Nation: Playing the Florida Game
Carter and Kennedy face off in a quirky contest
Some day it may be a case history in the politics of much ado about nothing; of the latter-day American penchant to be first, even if it is with the least, to launch the presidential sweepstakes; to invent a game if there is no game in town. Welcome, fans, to Florida's theater of the absurd, where on Oct. 13 an unannounced candidate for re-election (Jimmy Carter) is pitted against an unannounced challenger (Edward Kennedy) in a dog-and-pony show without substance beyond what is made ofor made up aboutit. A mere 1% of the state's 2.8 million registered Democrats are expected to turn out to vote in 67 county caucuses for slates of people who will have absolutely nothing to say about the delegates that Florida will eventually send to the 1980 Democratic National Convention. No matter. For weeks the money, the press, the cameras, the organizers have been pouring into Florida to blanket this nonevent, ensuring that at the very least one of the contenders will emerge grinning with "momentum" and the other with an Aesopian disclaimer that the outcome was, after all, meaningless. Probably both, alas, will be right. TIME Correspondent Richard Woodbury reports:
In a tiny, windowless office on West Palm Beach's Datura Street, Erica Bennett last week made one phone call after another to musical booking agents. Finally, she lined up the Gwen McCray group for a free performance at Gains Park next Saturday afternoon for 1,000 young people. But this will be disco with a difference: before going to the dance, each guest will be expected to stop by Forest Hill High School and cast a vote of confidence for Jimmy Carter.

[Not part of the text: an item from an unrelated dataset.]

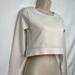 Lululemon Lon sleeve cropped ribbed top with sports bra lining GUC size 8

While Bennett was making phone calls, three volunteers in a stark union hall eight miles northwest of Datura Street were preparing 3-in. by 5-in. cards for mailing to 1,800 members of the local branch of the machinists' union. The cards urged them to stop by Forest Hill High, but not to vote for Carter. Read the message: "Be there, Kennedy Democrats, October 13th."

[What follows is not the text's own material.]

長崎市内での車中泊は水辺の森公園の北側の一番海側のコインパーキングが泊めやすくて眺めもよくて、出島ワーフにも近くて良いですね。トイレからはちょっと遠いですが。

From the populous Gold Coast to the rural panhandle, Florida Democrats these days are flushed with a premature case of presidential campaign fever. The cause is the round of caucuses on Oct. 13 at which Democrats will choose 878 delegates to a convention on Nov. 16-18 in St. Petersburg. There they will be joined by 839 other delegates, including party officials and officeholders, and cast a straw vote on their preference for the Democratic presidential nominee in 1980. It is one of the quirkier contests in the history of American politics, since it has a theoretical significance rating of about minus ten. Not until after a primary on March 11 will Florida Democrats select their 100 delegates to the Democratic National Convention.
Nonetheless, the Carter and Kennedy forces are waging an all-out battle over the caucuses, for the real target is not the hearts and minds of Florida's Democrats but the national newspaper headlines.